(Items listed in a dataset)
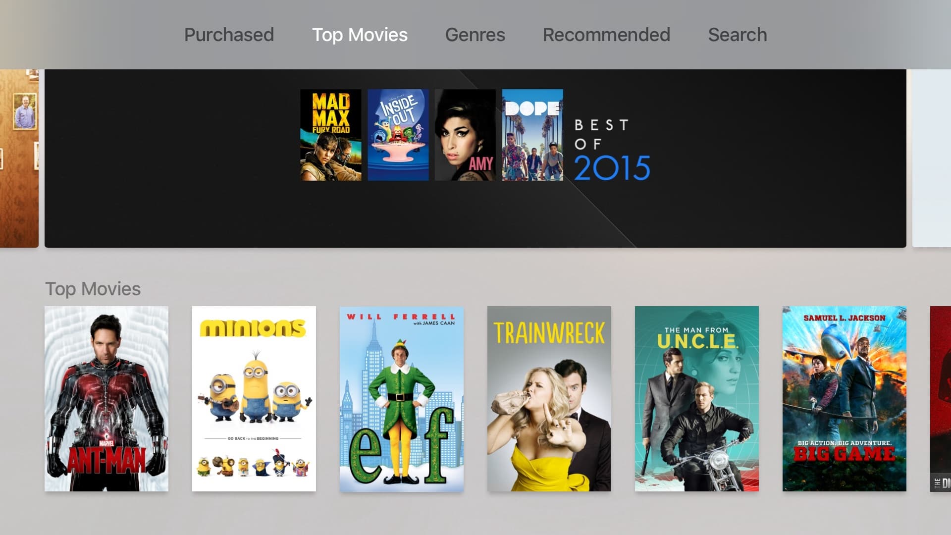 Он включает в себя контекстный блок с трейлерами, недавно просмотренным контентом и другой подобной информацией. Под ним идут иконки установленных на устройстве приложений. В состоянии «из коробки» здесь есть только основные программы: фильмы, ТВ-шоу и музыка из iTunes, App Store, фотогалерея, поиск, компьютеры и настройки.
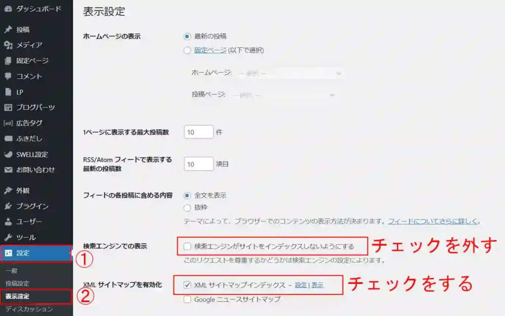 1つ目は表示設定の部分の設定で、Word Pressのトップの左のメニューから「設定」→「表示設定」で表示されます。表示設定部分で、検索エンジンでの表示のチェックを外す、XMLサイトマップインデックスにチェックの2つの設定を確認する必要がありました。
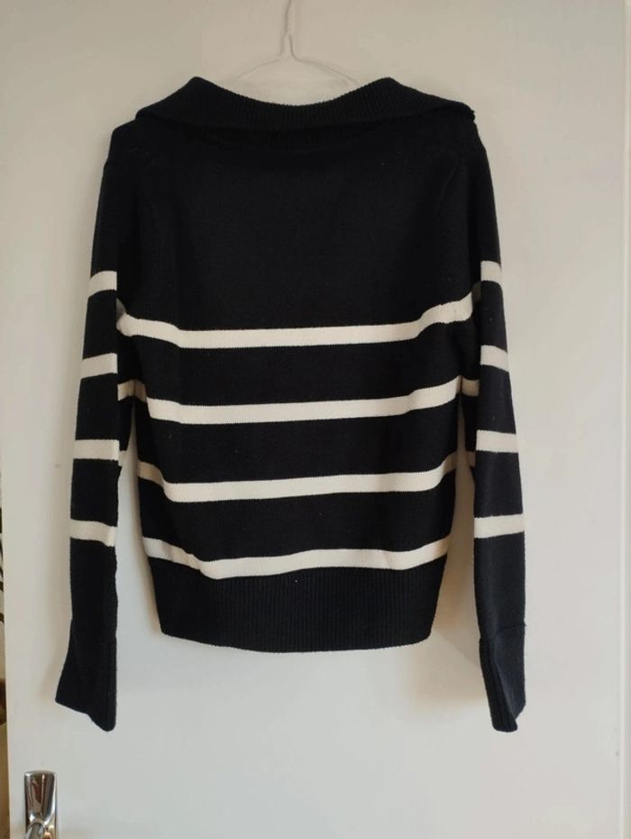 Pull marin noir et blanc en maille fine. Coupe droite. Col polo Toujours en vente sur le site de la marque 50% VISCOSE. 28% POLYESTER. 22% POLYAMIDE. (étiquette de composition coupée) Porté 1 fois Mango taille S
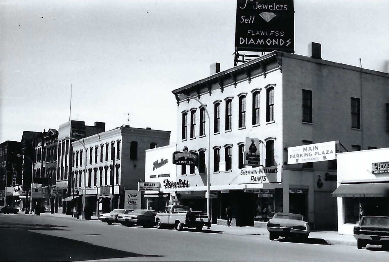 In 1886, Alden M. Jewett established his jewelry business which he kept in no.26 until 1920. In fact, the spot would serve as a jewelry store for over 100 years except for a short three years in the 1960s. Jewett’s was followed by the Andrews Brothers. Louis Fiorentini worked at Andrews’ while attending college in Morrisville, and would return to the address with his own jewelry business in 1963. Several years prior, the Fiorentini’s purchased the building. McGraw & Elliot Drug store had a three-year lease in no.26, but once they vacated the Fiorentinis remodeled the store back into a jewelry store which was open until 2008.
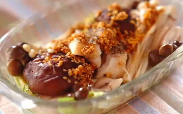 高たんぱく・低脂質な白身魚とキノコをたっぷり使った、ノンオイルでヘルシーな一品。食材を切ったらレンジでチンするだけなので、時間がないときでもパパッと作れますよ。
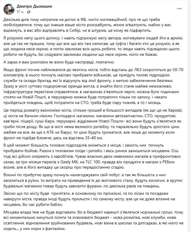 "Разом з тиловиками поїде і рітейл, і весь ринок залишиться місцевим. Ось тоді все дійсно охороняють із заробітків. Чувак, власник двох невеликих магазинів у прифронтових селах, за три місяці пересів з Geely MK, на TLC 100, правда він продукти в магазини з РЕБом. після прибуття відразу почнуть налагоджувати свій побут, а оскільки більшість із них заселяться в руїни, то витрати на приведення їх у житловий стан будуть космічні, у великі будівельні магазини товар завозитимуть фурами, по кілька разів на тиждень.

Exercise directions: Transcribe the data word for word, with no images.

Solution to this exercise:
 Он включает в себя контекстный блок с трейлерами, недавно просмотренным контентом и другой подобной информацией. Под ним идут иконки установленных на устройстве приложений. В состоянии «из коробки» здесь есть только основные программы: фильмы, ТВ-шоу и музыка из iTunes, App Store, фотогалерея, поиск, компьютеры и настройки.
 1つ目は表示設定の部分の設定で、Word Pressのトップの左のメニューから「設定」→「表示設定」で表示されます。表示設定部分で、検索エンジンでの表示のチェックを外す、XMLサイトマップインデックスにチェックの2つの設定を確認する必要がありました。
 Pull marin noir et blanc en maille fine. Coupe droite. Col polo Toujours en vente sur le site de la marque 50% VISCOSE. 28% POLYESTER. 22% POLYAMIDE. (étiquette de composition coupée) Porté 1 fois Mango taille S
 In 1886, Alden M. Jewett established his jewelry business which he kept in no.26 until 1920. In fact, the spot would serve as a jewelry store for over 100 years except for a short three years in the 1960s. Jewett’s was followed by the Andrews Brothers. Louis Fiorentini worked at Andrews’ while attending college in Morrisville, and would return to the address with his own jewelry business in 1963. Several years prior, the Fiorentini’s purchased the building. McGraw & Elliot Drug store had a three-year lease in no.26, but once they vacated the Fiorentinis remodeled the store back into a jewelry store which was open until 2008.
 高たんぱく・低脂質な白身魚とキノコをたっぷり使った、ノンオイルでヘルシーな一品。食材を切ったらレンジでチンするだけなので、時間がないときでもパパッと作れますよ。
 "Разом з тиловиками поїде і рітейл, і весь ринок залишиться місцевим. Ось тоді все дійсно охороняють із заробітків. Чувак, власник двох невеликих магазинів у прифронтових селах, за три місяці пересів з Geely MK, на TLC 100, правда він продукти в магазини з РЕБом. після прибуття відразу почнуть налагоджувати свій побут, а оскільки більшість із них заселяться в руїни, то витрати на приведення їх у житловий стан будуть космічні, у великі будівельні магазини товар завозитимуть фурами, по кілька разів на тиждень.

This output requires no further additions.